Goodbye To All That Dir. Angus MacLachlan

[IFC Films; 2014]

Styles: comedy, drama
Others: Metropolis, Kubrick, The Social Network

Cinema, as a relatively modern invention, has often been the medium of choice when it comes to dramatizing the pitfalls and possibilities of technology. And now, for our cutting edge, we have Angus MacLachan’s film Goodbye To All That, a comedy about a hot guy who fucks a lot of hot women. It’ll probably be forgotten a year from now — even a week from now. Yet it’s as much about the perils of modernity as Metropolis or any Kubrick, and as timely as they were.

Goodbye to All That doesn’t have a lot going for it, but what it does capture is the sheer everydayness of social media, in a way that few other films of this era have even bothered to attempt. Think of David Fincher’s Social Network, or the tech-tribalism of his Girl With The Dragon Tattoo. Think of any number of low grade, high grossing horror films about teens with webcams or livestreams — even think of the fact that Miley Cyrus made a film called LOL well before she was an ironic icon of the Tumblr generation. These are all about the otherness of iTech, about the extra layer it adds to the realities the protagonists live in, whereas Goodbye To All That tries something more interesting. It shows how technology is just a thing that’s there for us to use when we’re pissed off or drunk or horny, a thing that’s seeped into the vacant spaces of our daily lives. The narrative is governed not by the usual Hollywood bromides of fate or destiny, but by the grinding mechanics of technology that we live with and take for granted.
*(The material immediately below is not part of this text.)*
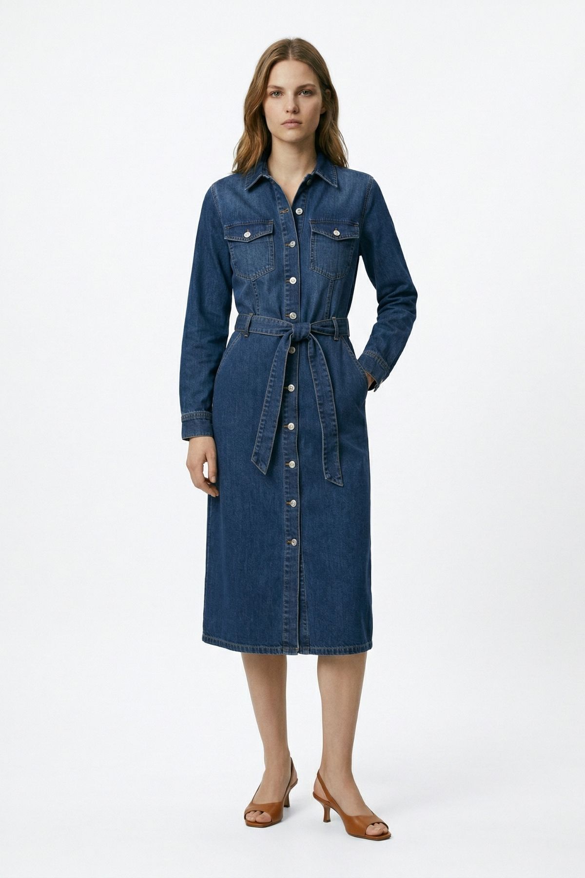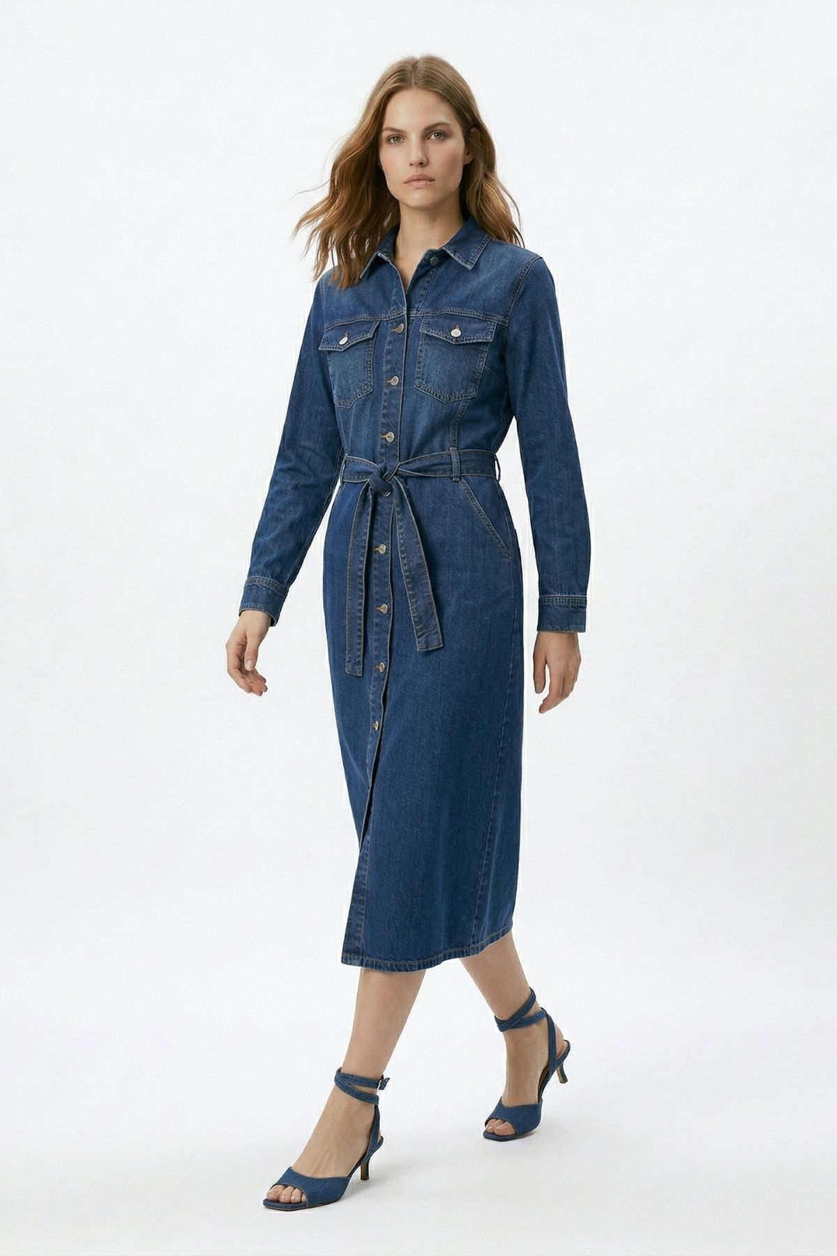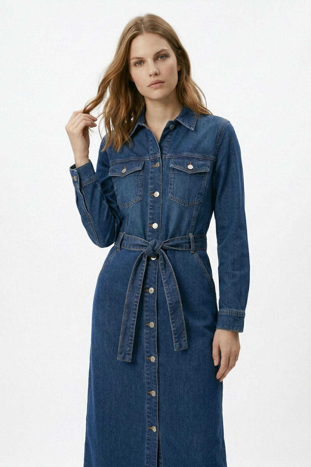 221 Çift Cepli Düğmeli Kuşaklı Elbise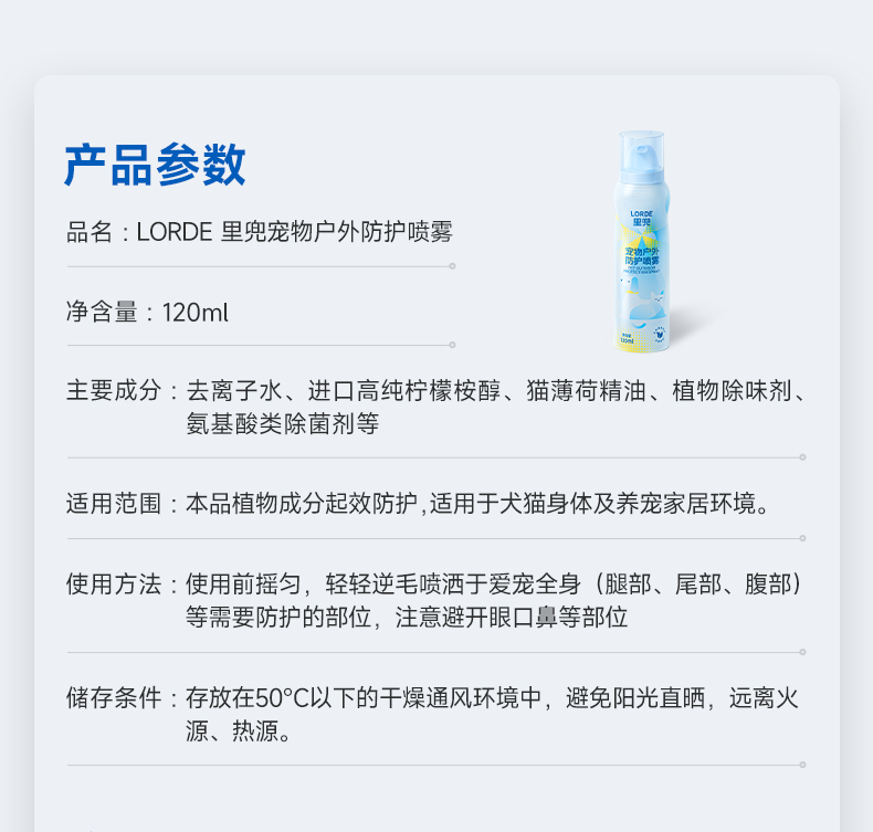 LORDE里兜宠物外出喷雾狗狗避防护喷剂猫咪户外防护喷雾120ml

The details are mundane, acutely so. Paul Schneider’s unwilling divorcee Otto accepts a Facebook friends request from an old flame and immediately stalks all of her photos. He then flies into a rage when he discovers his ex-wife has changed her relationship status to “single” well before he even considered it. It’s well-observed, almost better than any of the actual interpersonal drama and comedy, and could only be that way in 2014, when we’ve been around Facebook long enough for it to induce those behaviors in us. Most strikingly matter-of-fact is that it’s OKCupid, not a meet cute in Central Park or wherever, that generates Wall’s romantic (read: sexual) liaisons. And Schneider’s character knows the drill. He gets some amazing sex out of it, and a lot of weird shit too, but it’s not a huge deal for him. Social media is vital to the plot, and yet within it, it’s nothing special. It’s just there. Which is pretty much where we are as a society.
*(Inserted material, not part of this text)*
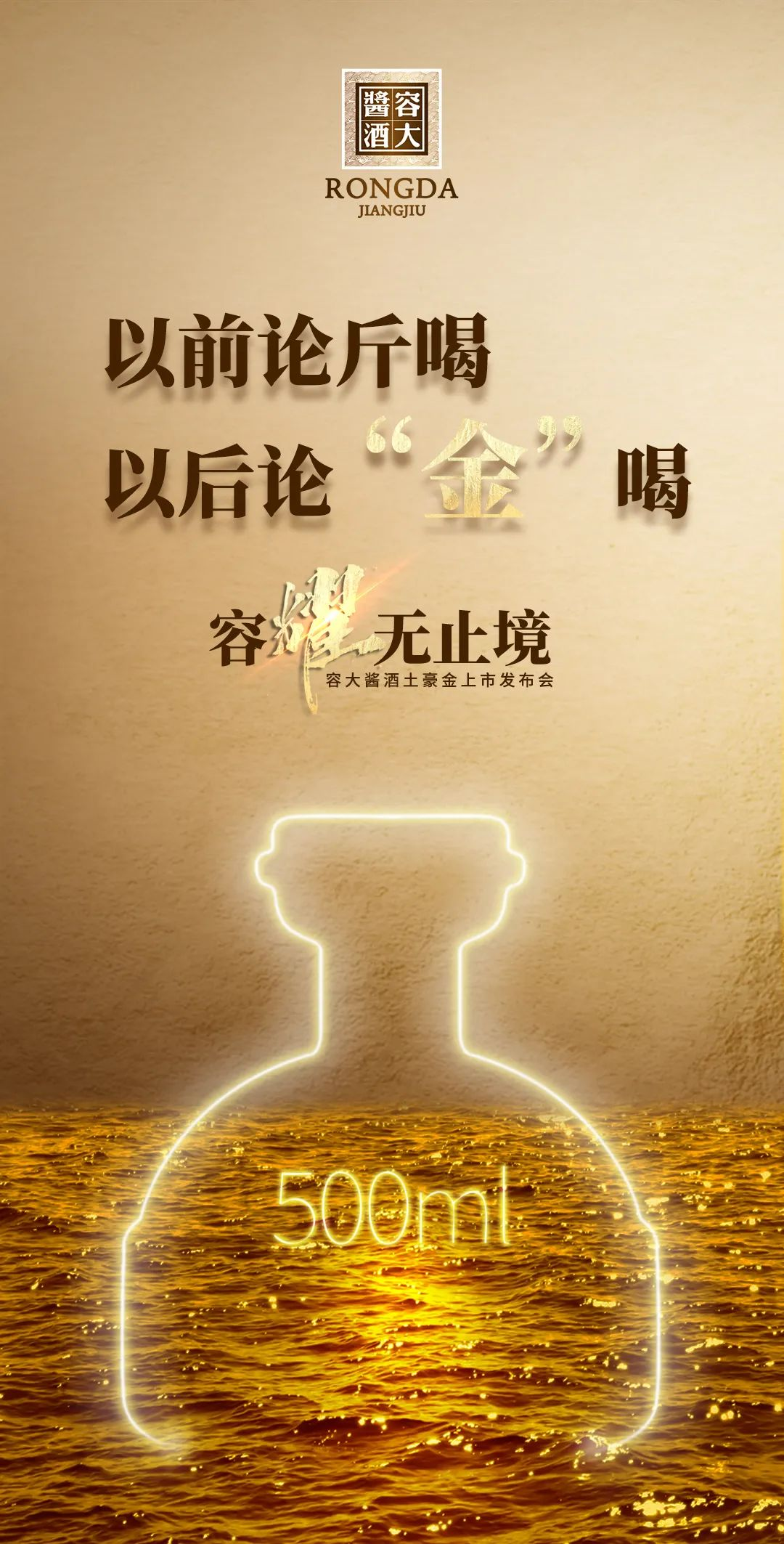 這是容大醬酒的手筆。4月下旬,容大醬酒戰(zhàn)略新品即將上市。樸實的宣傳語,透露出其口糧醬酒的市場定位;奢華的土豪金顏色,又給人無限遐想,讓人對其品質(zhì)有了更多期待。

Aside from that, this is a nicely understated comedy, one of those films where each scene seems trifling, and each character seems elusive, and then you reach the end with its vague sense of melancholy and nothing much has been resolved. The economy of storytelling means some of the characters are nothing more than catchphrases (Debbie Spengler!!! indeed), while others are saved thanks only to some choice acting, like Heather Lawless’s breathtakingly sincere portrayal of Otto’s older flame. If it’s a little bit deficient in a narrative sense, and not exactly kicking over any sacred indie cows directorially, it still manages to strike a note of truth in observing a world that’s slowly transitioning away from IRL towards a profile picture and a pithy one-line biog. So while Otto Wall and his army of willing exes may not be real, they’re avatars for millions other semi-real digital losers and loners. The film nails it because what goes on inside the big screen feels as real and as fake as what goes on in front of all our little ones.